EXERCISE INPUTS:
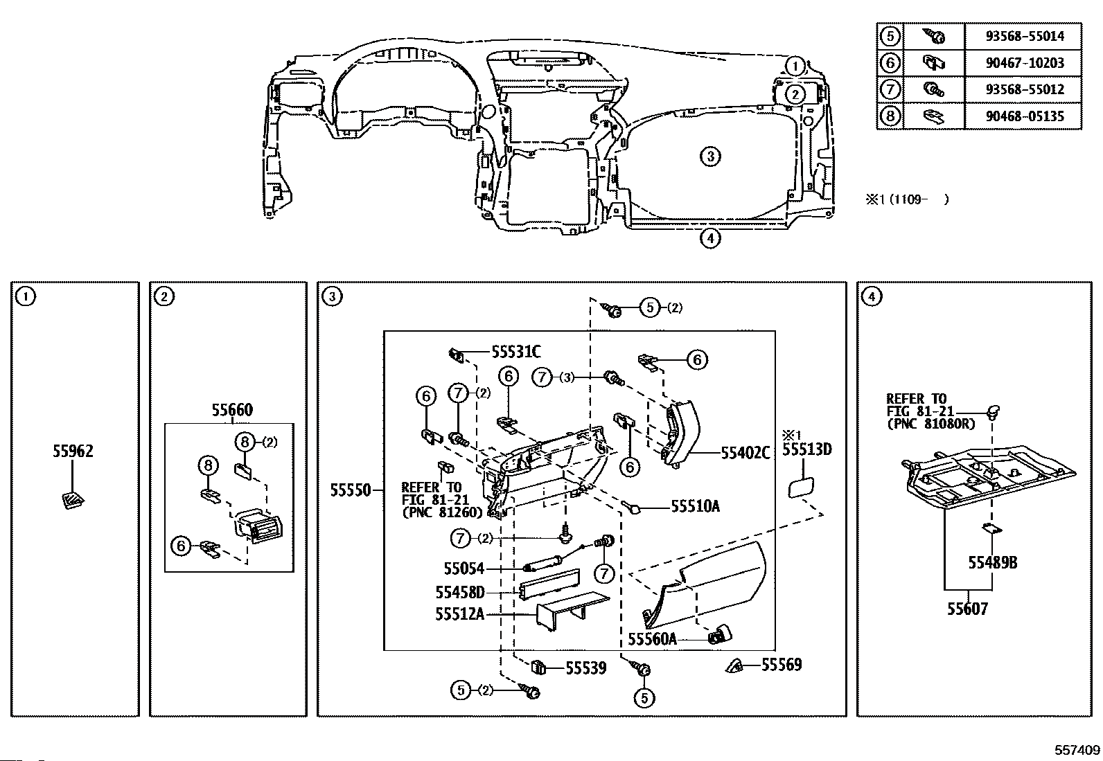【55607】5560748180 COVER SUB-ASSY, INSTRUMENT PANEL UNDER, NO.2
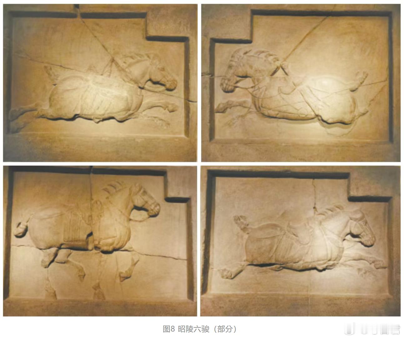 马年看马 石雕马 石雕马常用于纪念与装饰,尤多见于陵墓神道。汉代霍去病墓前的“马踏匈奴”石刻,采用圆雕与线刻结合,以静穆的战马象征赫赫战功,充满纪念碑式的力量。唐代昭陵六骏则以唐太宗李世民的爱骑为蓝本,采用高浮雕技艺,生动刻画了六匹战马的各异姿态与中箭仍奋勇前行的细节,是唐代现实主义石雕艺术的杰作。
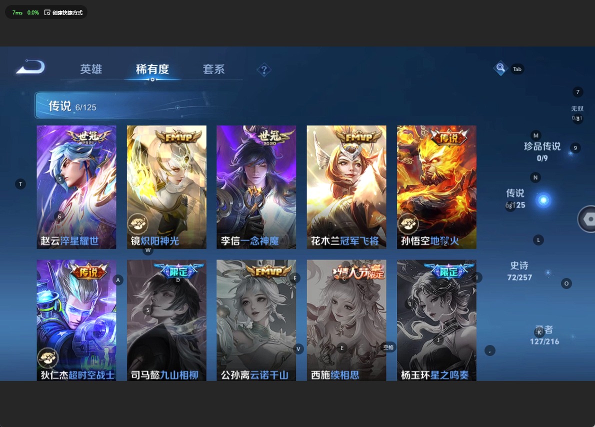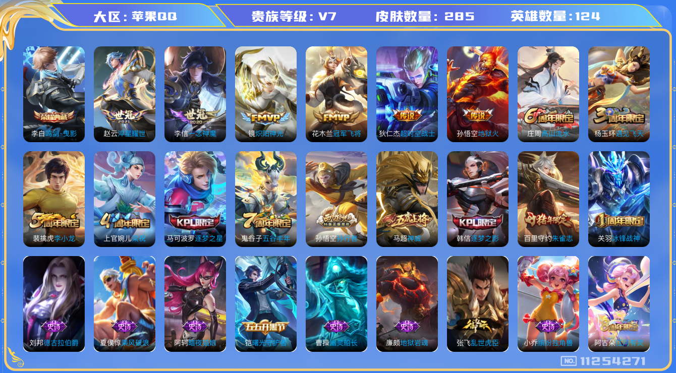 - [12256920]V7 1典藏 11传说 123英雄 188皮肤 可修改实名 优质装备:鸣剑·曳影,云鹰飞将(小将军),炽阳神光,一念神魔,无双飞将,碎云,山海·炽霜斩(李信年限),记忆之芯(机甲兔),澜逐花归海,涂山容容 传说皮:幻光神枪 珍宝阁皮:胡桃夹子,玩趣恶龙 限定皮:愿照·山河定(司空震年限),逐霄战戟,鸣野蒿,五谷丰年,李小龙,朱雀志(守约年限),时之祈愿-云中君,山海·玄木吟(马可年限) 史诗皮:星界战将,龙之律动,茶境仙,百相守梦-黄忠,黄金分割率,特工魅影,江河有灵,鹤归松栖(赵怀真),魅语,蒙恬荣光圣徽,电玩·爆裂旋风,暗夜猫娘,龙骑士(小龙虾),末日机甲-吕布,乱世虎臣,修罗,摇滚巨星,水果甜心,绅士熊喵,天才门将,星夜王子,德古拉伯爵,暗隐猎兽者,幽灵船长,鬼剑武藏,舞动绿茵,地狱岩魂,缤纷独角兽,乘风破浪,逐浪之夏,水晶猎龙者,曙光守护者,金属风暴,原初追逐者,圣诞狂欢,圣诞恋歌,鹰眼统帅,魅力维加斯,无心,未来纪元-赵云
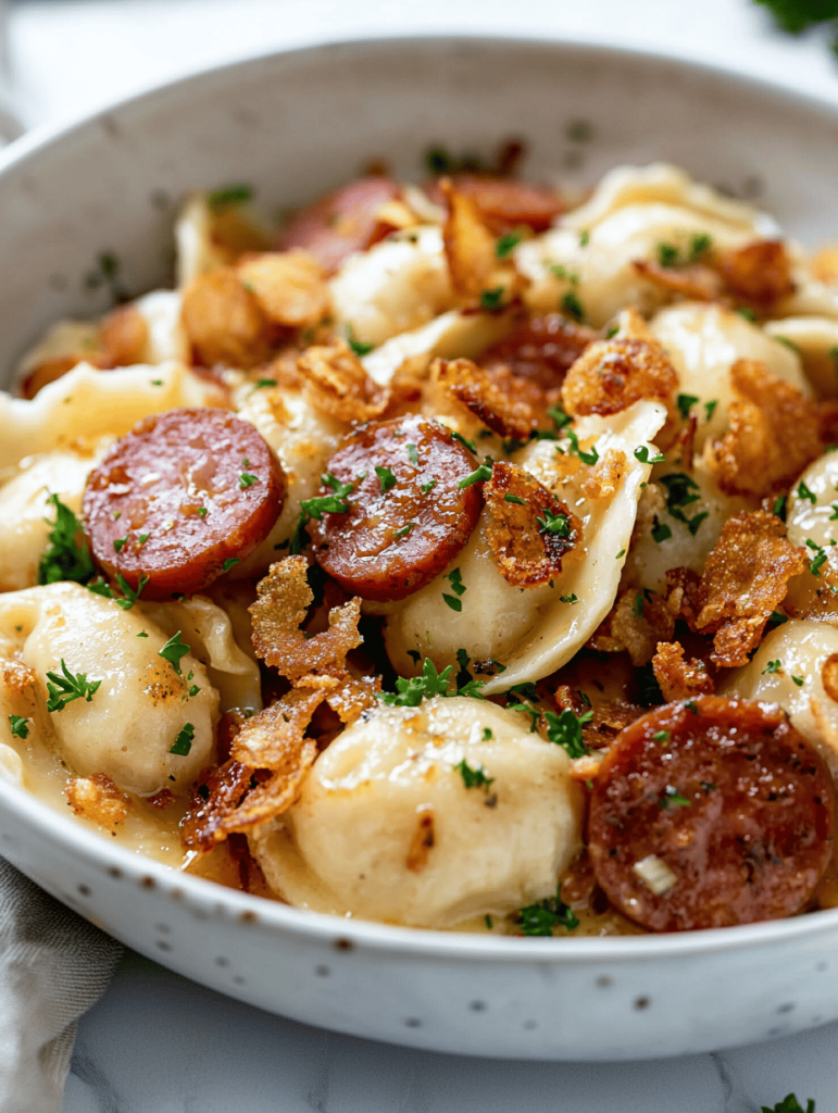 Polish-Inspired Pierogi and Kielbasa Casserole
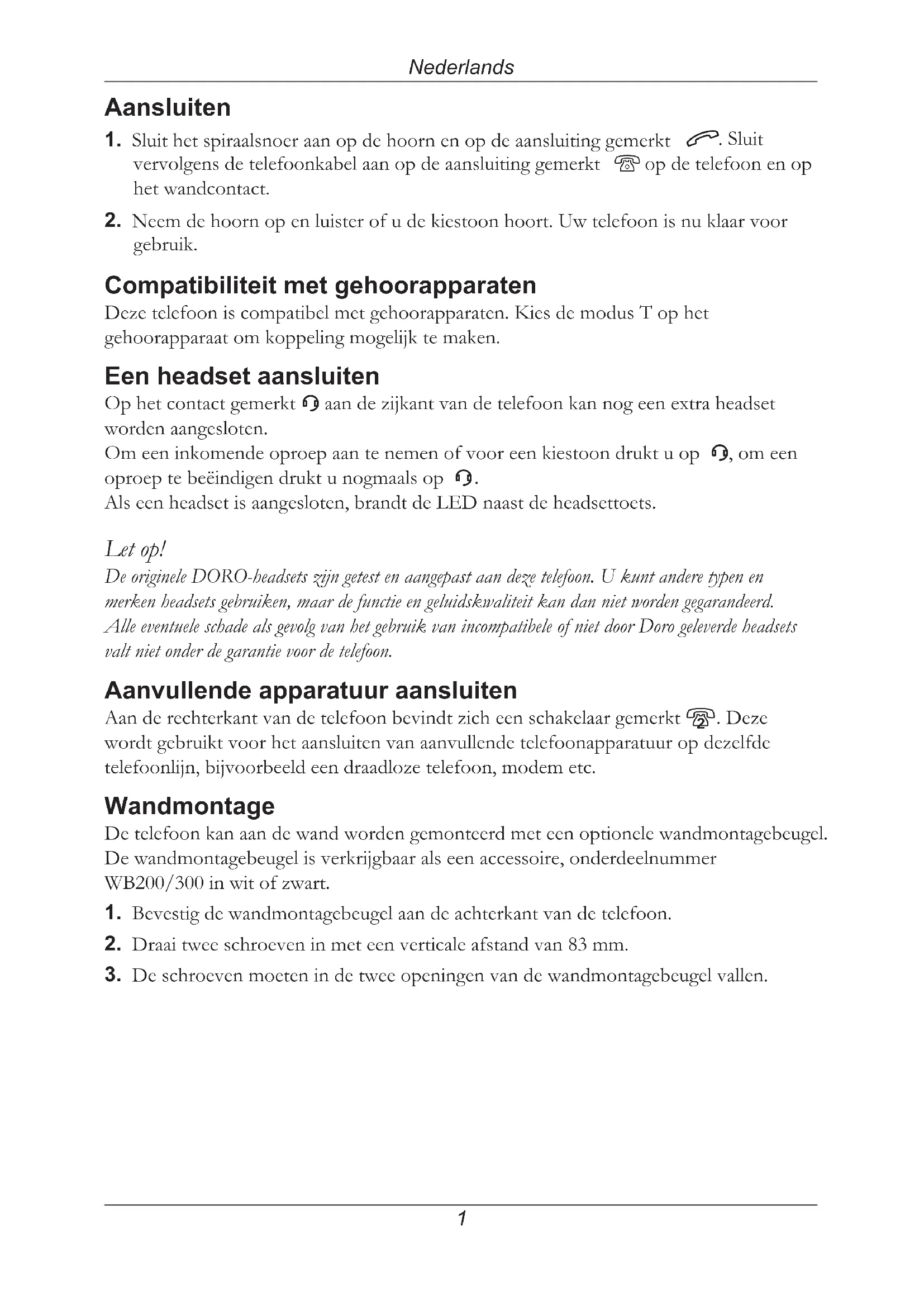Als een headset is aangesloten, brandt de LED naast de headsettoets. Let op! De originele DORO-headsets zijn getest en aangepast aan deze telefoon. U kunt andere typen en merken headsets gebruiken, maar de functie en geluidskwaliteit kan dan niet worden gegarandeerd. Alle eventuele schade als gevolg van het gebruik van incompatibele of niet door Doro geleverde headsets valt niet onder de garantie voor de telefoon. Aanvullende apparatuur aansluiten Aan de rechterkant van de telefoon bevindt zich een schakelaar gemerkt 8. Deze wordt gebruikt voor het aansluiten van aanvullende telefoonapparatuur op dezelfde telefoonlijn, bijvoorbeeld een draadloze telefoon, modem etc. Wandmontage De telefoon kan aan de wand worden gemonteerd met een optionele wandmontagebeugel. De wandmontagebeugel is verkrijgbaar als een accessoire, onderdeelnummer WB200/300 in wit of zwart.
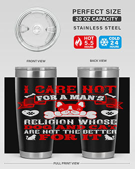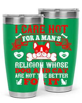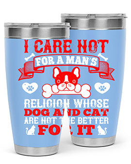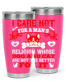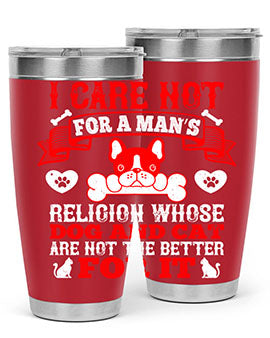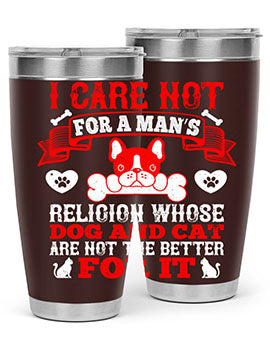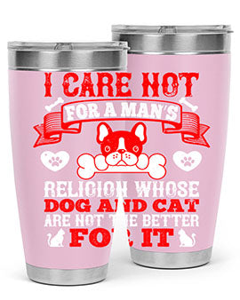 I care not for a man’s religion whose dog and cat are not the better for it Style 195#- dog- Tumbler
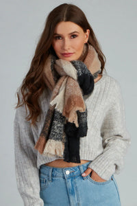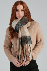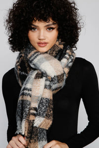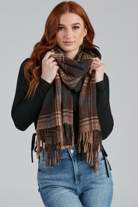 Wrapped In Cozy Feels Plaid Scarf Wrapped In Cozy Feels Plaid ScarfWrap yourself in a cozy scarf that is perfect to layer over your jackets this season! The scarf features a plaid print, an oversized fit, and a noodle fringe hem. Fit & Features - Plaid print

WHAT TO WORK ON: Could you repeat all of the entries exactly, without any of the images?

EXPECTED ANSWER:
【55607】5560748180 COVER SUB-ASSY, INSTRUMENT PANEL UNDER, NO.2
 马年看马 石雕马 石雕马常用于纪念与装饰,尤多见于陵墓神道。汉代霍去病墓前的“马踏匈奴”石刻,采用圆雕与线刻结合,以静穆的战马象征赫赫战功,充满纪念碑式的力量。唐代昭陵六骏则以唐太宗李世民的爱骑为蓝本,采用高浮雕技艺,生动刻画了六匹战马的各异姿态与中箭仍奋勇前行的细节,是唐代现实主义石雕艺术的杰作。
 - [12256920]V7 1典藏 11传说 123英雄 188皮肤 可修改实名 优质装备:鸣剑·曳影,云鹰飞将(小将军),炽阳神光,一念神魔,无双飞将,碎云,山海·炽霜斩(李信年限),记忆之芯(机甲兔),澜逐花归海,涂山容容 传说皮:幻光神枪 珍宝阁皮:胡桃夹子,玩趣恶龙 限定皮:愿照·山河定(司空震年限),逐霄战戟,鸣野蒿,五谷丰年,李小龙,朱雀志(守约年限),时之祈愿-云中君,山海·玄木吟(马可年限) 史诗皮:星界战将,龙之律动,茶境仙,百相守梦-黄忠,黄金分割率,特工魅影,江河有灵,鹤归松栖(赵怀真),魅语,蒙恬荣光圣徽,电玩·爆裂旋风,暗夜猫娘,龙骑士(小龙虾),末日机甲-吕布,乱世虎臣,修罗,摇滚巨星,水果甜心,绅士熊喵,天才门将,星夜王子,德古拉伯爵,暗隐猎兽者,幽灵船长,鬼剑武藏,舞动绿茵,地狱岩魂,缤纷独角兽,乘风破浪,逐浪之夏,水晶猎龙者,曙光守护者,金属风暴,原初追逐者,圣诞狂欢,圣诞恋歌,鹰眼统帅,魅力维加斯,无心,未来纪元-赵云
 Polish-Inspired Pierogi and Kielbasa Casserole
Als een headset is aangesloten, brandt de LED naast de headsettoets. Let op! De originele DORO-headsets zijn getest en aangepast aan deze telefoon. U kunt andere typen en merken headsets gebruiken, maar de functie en geluidskwaliteit kan dan niet worden gegarandeerd. Alle eventuele schade als gevolg van het gebruik van incompatibele of niet door Doro geleverde headsets valt niet onder de garantie voor de telefoon. Aanvullende apparatuur aansluiten Aan de rechterkant van de telefoon bevindt zich een schakelaar gemerkt 8. Deze wordt gebruikt voor het aansluiten van aanvullende telefoonapparatuur op dezelfde telefoonlijn, bijvoorbeeld een draadloze telefoon, modem etc. Wandmontage De telefoon kan aan de wand worden gemonteerd met een optionele wandmontagebeugel. De wandmontagebeugel is verkrijgbaar als een accessoire, onderdeelnummer WB200/300 in wit of zwart.
 I care not for a man’s religion whose dog and cat are not the better for it Style 195#- dog- Tumbler
 Wrapped In Cozy Feels Plaid Scarf Wrapped In Cozy Feels Plaid ScarfWrap yourself in a cozy scarf that is perfect to layer over your jackets this season! The scarf features a plaid print, an oversized fit, and a noodle fringe hem. Fit & Features - Plaid print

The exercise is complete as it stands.